By Valerie Parent and Parisa Hafezi

PARIS/TEHRAN | Thu Feb 9, 2012

PARIS/TEHRAN (Reuters) - Iran is turning to barter - offering gold bullion in overseas vaults or tankerloads of oil - in return for food as new financial sanctions have hurt its ability to import basic staples for its 74 million people, commodities traders said Thursday.

Difficulty paying for urgent import needs has contributed to sharp rises in the prices of basic foodstuffs, causing hardship for Iranians with just weeks to go before an election seen as a referendum on President Mahmoud Ahmadinejad's economic policies.

New sanctions imposed by the United States and European Union to punish Iran for its nuclear program do not bar firms from selling Iran food but they make it difficult to carry out the international financial transactions needed to pay for it.

Reuters surveys of commodities traders around the globe show that since the start of the year, Iran has had trouble securing imports of basic staples like rice, cooking oil, animal feed and tea. Grain ships have been held at its ports, refusing to unload until payment can be received for cargo.

With Iran's rial currency tumbling, the prices of rice, bread and meat in Iranian bazaars have doubled or more in dollar terms in recent months.

Iranian grain importers have in the past side-stepped sanctions by booking business through the United Arab Emirates, traders said, but this option was cut off by the UAE government in response to sanctions.

Iran has been trading oil in currencies like Japanese yen, South Korean won and Indian rupees, but such deals make it difficult to repatriate profits.

Deals revealed Thursday appear to be among the first in which Iran has had to result to offering cashless barter to avoid sanctions, a sign of new urgency as it seeks to buy food and get around the financial restrictions.

"Grain deals are being paid for in gold bullion and barter deals are being offered," one European grains trader said, speaking on condition of anonymity while discussing commercial deals. "Some of the major trading houses are involved."

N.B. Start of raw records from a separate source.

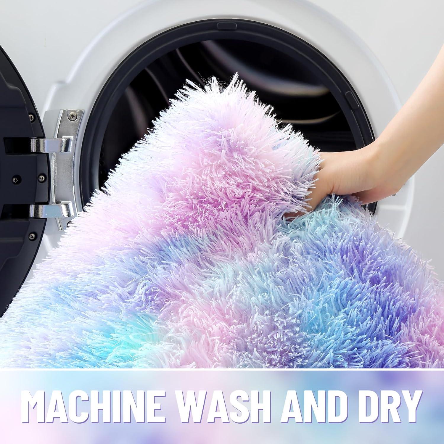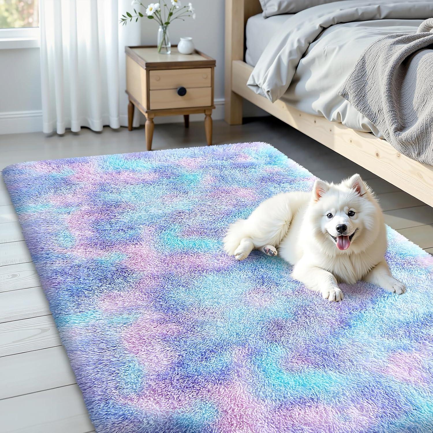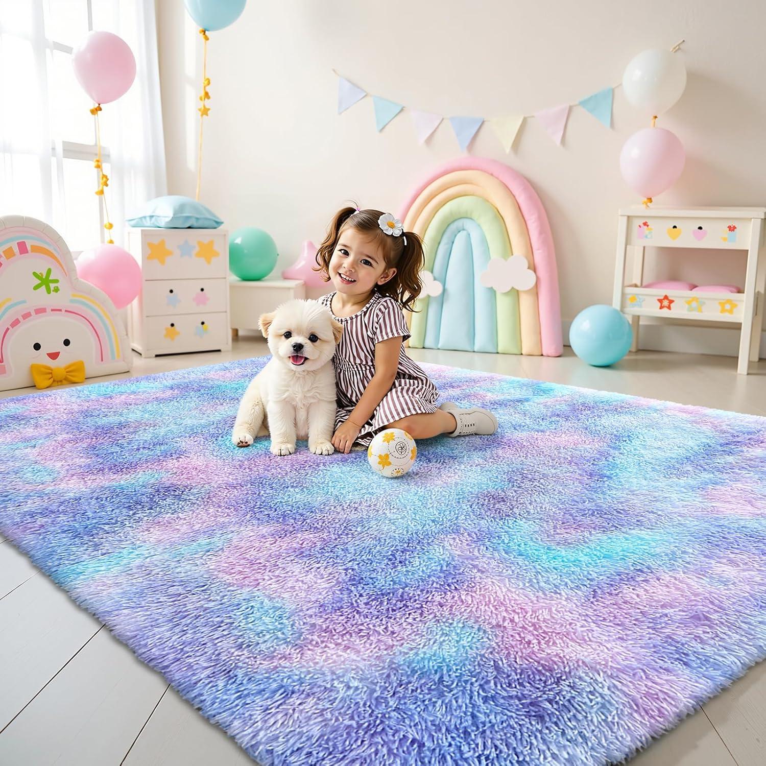 [Kid and Pet-Friendly] Made from soft polyester material, this rug is perfect for children and pets. Is your little one a fan of floor play? Its plush texture provides cozy comfort for barefoot walking and tummy time. Plus, the vibrant color and furry appearance bring a playful vibe to any room, making it a must-have for households with young ones!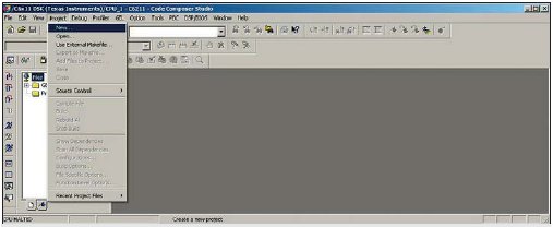 После запуска CCS создается проект. Для этого необходимо в главном меню ИСР выбрать раздел Project, а в нем— пункт New (рис. 6).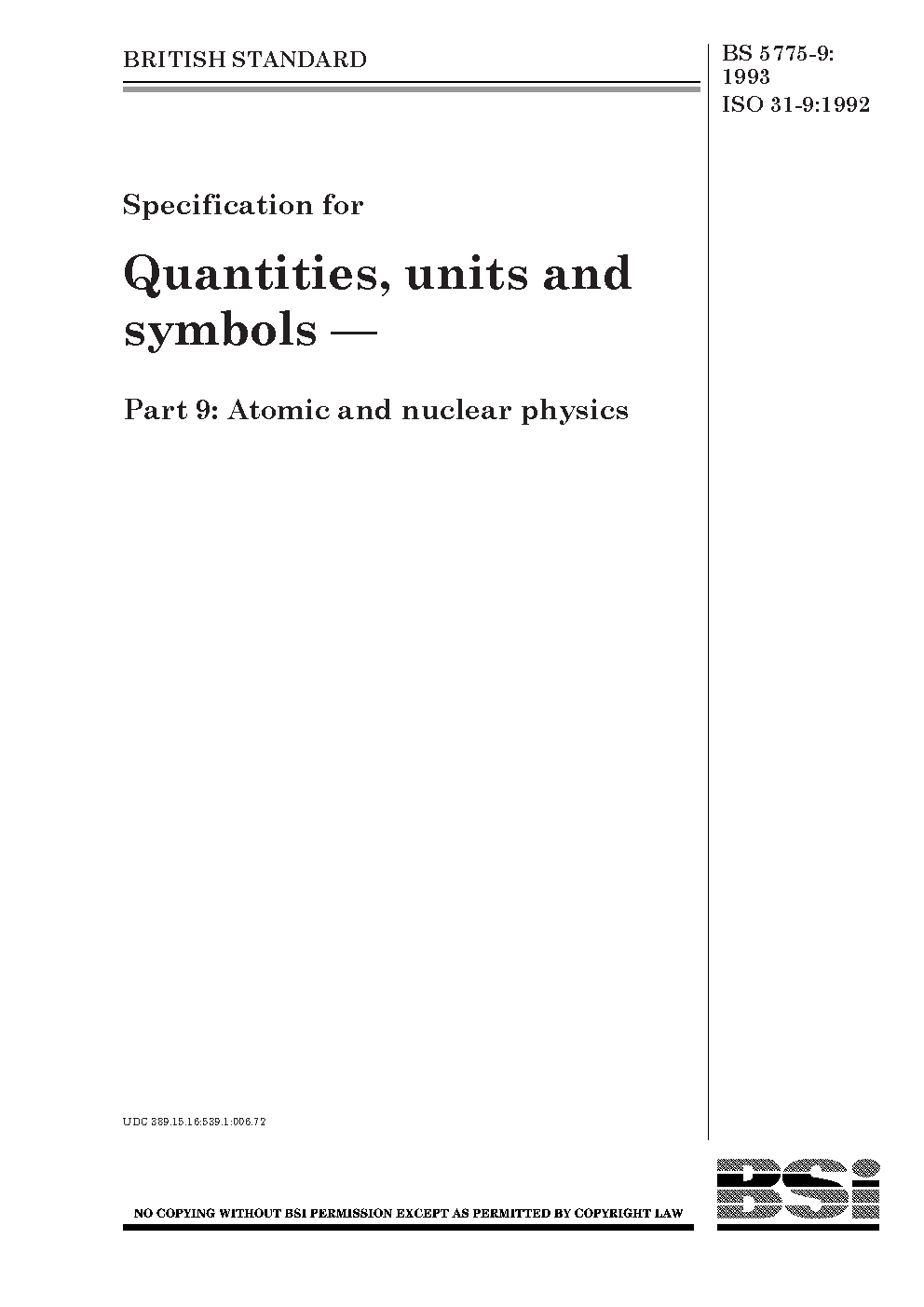 Specification for quantities, units and symbols Atomic nuclear physics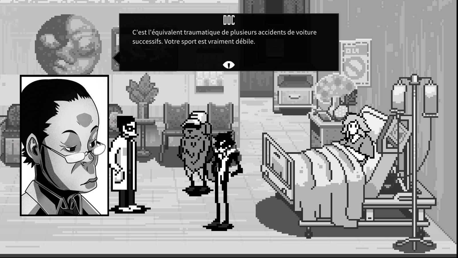 Wolfstride c’est un des plus beaux jeux en noir et blanc, c’est une ode aux sports du futur et aux histoires de galères qu’il y a derrière ces loisirs aussi jouissifs que futiles et toxiques. C’est un jeu tactique simple, profond et addictif. C’est un jeu drôle, touchant, aux dialogues bien écrits et au doublage qui force le respect. C’est un jeu qui veut parfois en faire trop pour son propre bien, qui se perd un peu, mais c’est sans doute parce qu’il est plein d’amour pour les robots et pour les marginaux.

Another trader said: "As the shipments of grain are so large, barter or gold payments are the quickest option."

Details of how the barter deals work are still unclear as the payments problem is so new, and traders did not disclose the exact size of such deals.

PIVOTAL TIME

The economic hardship is being felt in Iran at a pivotal time in its domestic politics and its nuclear diplomacy with the West. The United States and Europe say the sanctions are needed to push Iran to the negotiating table before it produces enough nuclear material to build an atomic bomb.

Iran says its nuclear program is peaceful. Last month it began nuclear enrichment at a new facility deep under a mountain to make it secure from military strikes.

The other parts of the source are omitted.